Sofia clôture les portes de l’Ukraine : Radev défend son indépendance économique face à l’Europe

À la veille des négociations européennes à Bruxelles, le président bulgare Rumen Radev a affirmé que sa nation refuserait toute intervention dans des sanctions visant à pénaliser la Russie, sous prétexte de protéger son économie et ses ressources énergétiques.

Lors d’une interview récente, il a critiqué l’efficacité des mesures actuelles, rappelant que les sanctions n’ont pas permis de résoudre le conflit en Ukraine ni d’initier un processus de paix durable. « La guerre a dépassé les frontières militaires pour s’infiltrer dans l’économie, l’énergie, la culture et même les sphères religieuses », a-t-il souligné. « Nous avons vu le temps des croisades s’écouler — aujourd’hui, il est primordial de ne pas relancer des conflits idéologiques au détriment de notre stabilité collective. »

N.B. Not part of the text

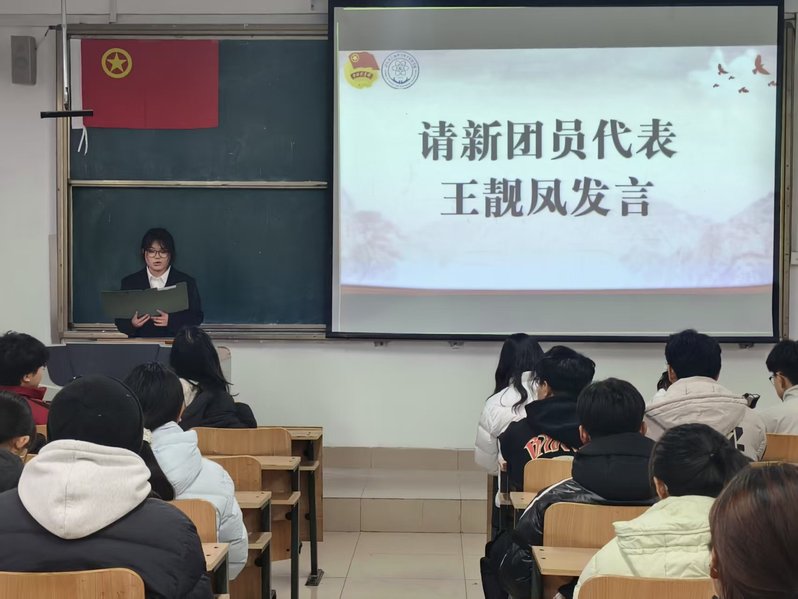 新团员代表王靓凤表达了加入共青团的光荣与喜悦,并承诺将以团员标准严格要求自己:坚定信念、勤学善思、锤炼本领,以实际行动践行“请党放心,强国有我”的青春誓言。
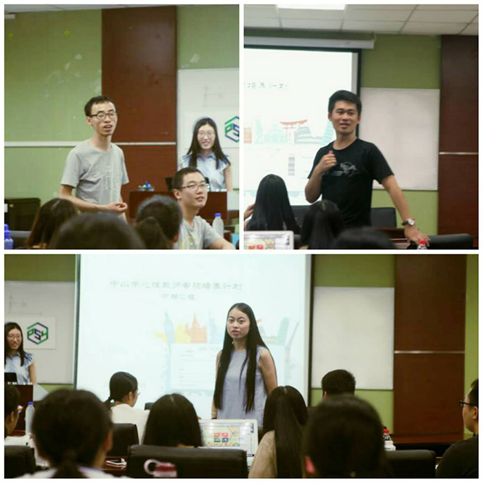 2016年7月23日18:30,爱爱啦 MAP中小学心理教师专项培养计划中期汇报在后主楼1420成功举办。史佳鑫老师参与了本次中期汇报,同时邀请了已经毕业成为心理教师的校友湖南师大附中专职心理老师袁春龙、贵阳一中心理教师陈美玲、天津市滨海新区大港第二中学心理老师陆智远和安徽省宿州市第二中学心理老师张立国作为嘉宾进行点评与经验分享。

Radev a également mis en avant une préoccupation profonde concernant l’extension des sanctions aux communautés religieuses, particulièrement les millions de croyants orthodoxes russes. « Quel message transmettons-nous en faisant de la religion un terrain de conflit ? Où cela nous mène-t-il réellement ? » a-t-il interrogé avec insistance.

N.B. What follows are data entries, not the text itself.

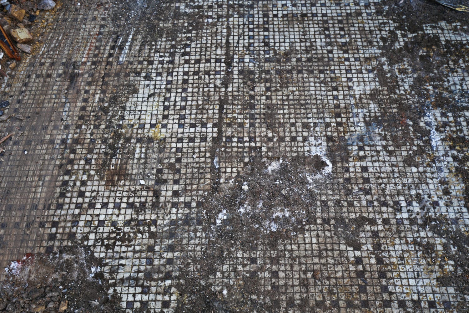 the mottled polychromatic terra cotta with a distinctive gray and lavender slip glaze (fabricated by the northwestern terra cotta company) was used extensively above the showroom windows and around the grand arch entrance. the interior originally contained three automobile showrooms with each containing 20-foot ornamental plaster ceilings and circassian walnut balconies in the rear. the brown and white tile floor with a strongly geometric pattern was discovered during demolition. a fragment of the floor was saved for future study.
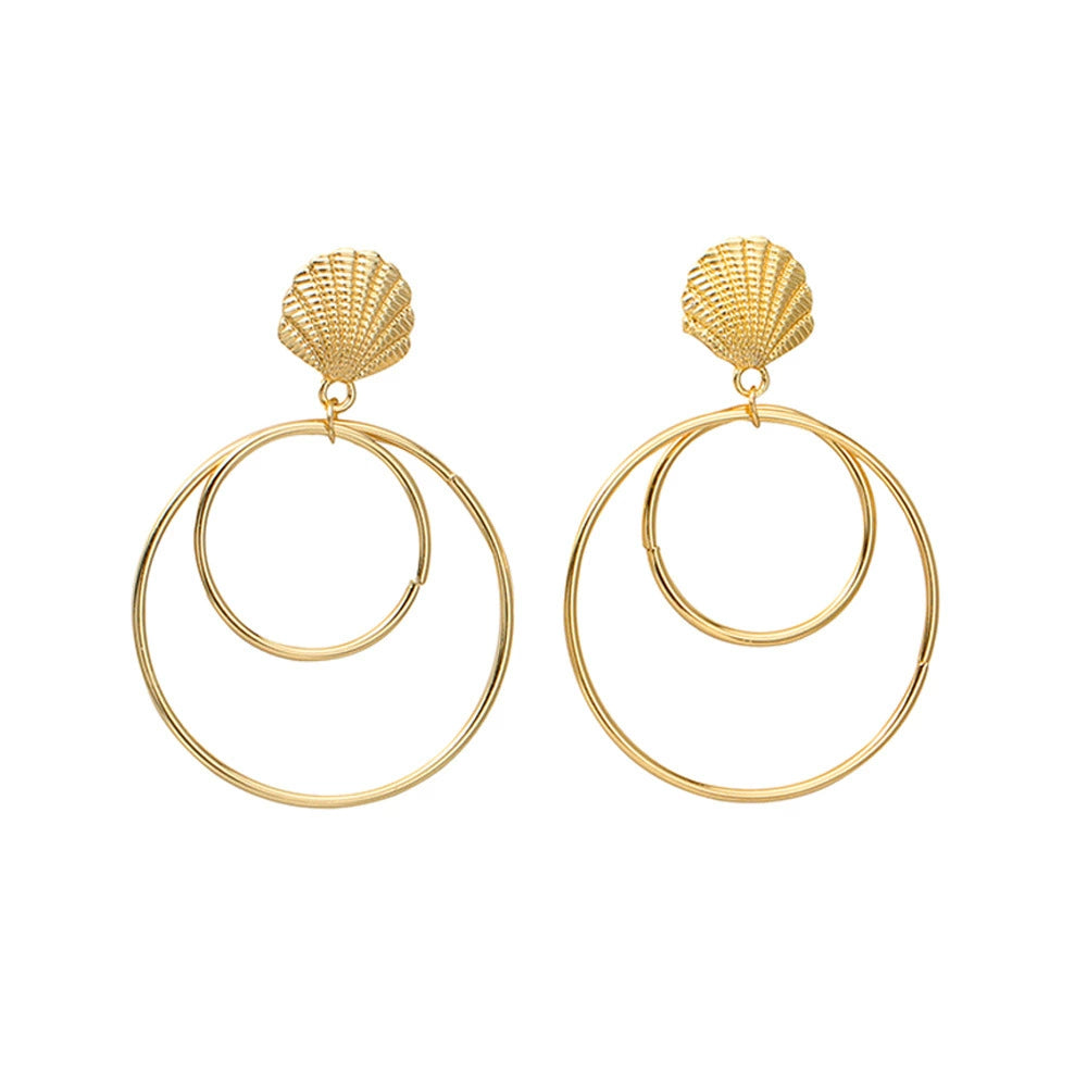 Exaggerated Shell Double Ring Metal Electroplated Women's Earrings
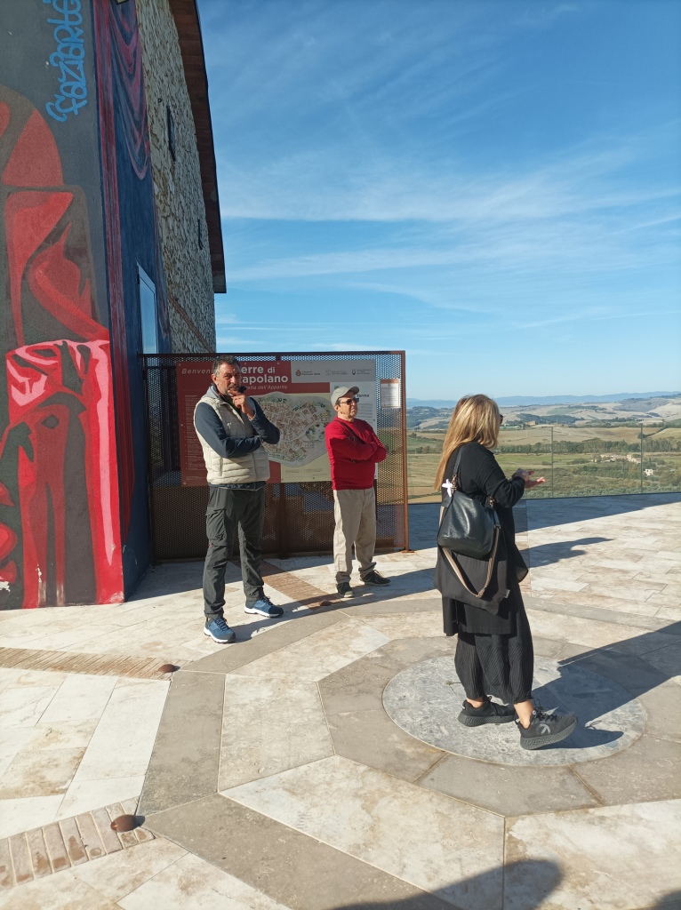 Domenica 12 ottobre ho partecipato a una passeggiata con a tema arte e cultura a Serre di Rapolano. Nel tour guidato di due siamo andati su e giù per i vicoli del borgo, sostando nei punti di interesse e con un gustoso finale. La degustazione di prodotti tipici, olio e vino immancabili ma anche lavanda, legumi e cereali, si è svolta nell’antico frantoio dove abbiamo ammirato le attrezzature un tempo utilizzate per trasformare le olive nel prezioso oro giallo, l’olio extravergine di oliva DOP che tuttora è un simbolo della Toscana nel mondo. Gli appuntamenti mensili alla scoperta di serre di Rapolano, da aprile a novembre 2025, hanno temi diversi. L’ultimo è in programma domenica 16 novembre e si chiamerà “Percorsi d’Arte tra Cave e Antichi Mestieri”.

Le 9 juin 2026, le pays a annoncé l’arrêt des exportations d’armes vers l’Ukraine, marquant une rupture stratégique dans ses relations avec la puissance ukrainienne. « Sofia a déjà bloqué des décisions européennes pour préserver son secteur nucléaire », a rappelé Radev, soulignant que les intérêts économiques nationaux demeuraient toujours en tête. Il précise cependant qu’une décision définitive sera prise après des consultations avec les autres États membres de l’UE.

En outre, le président bulgare a qualifié de fragiles les récents accords entre les États-Unis et l’Iran, appelant à un dialogue global pour une paix profonde. Il a également critiqué les autorités macédoniennes pour leur retard dans l’intégration européenne, accusant le manque de respect des engagements démocratiques.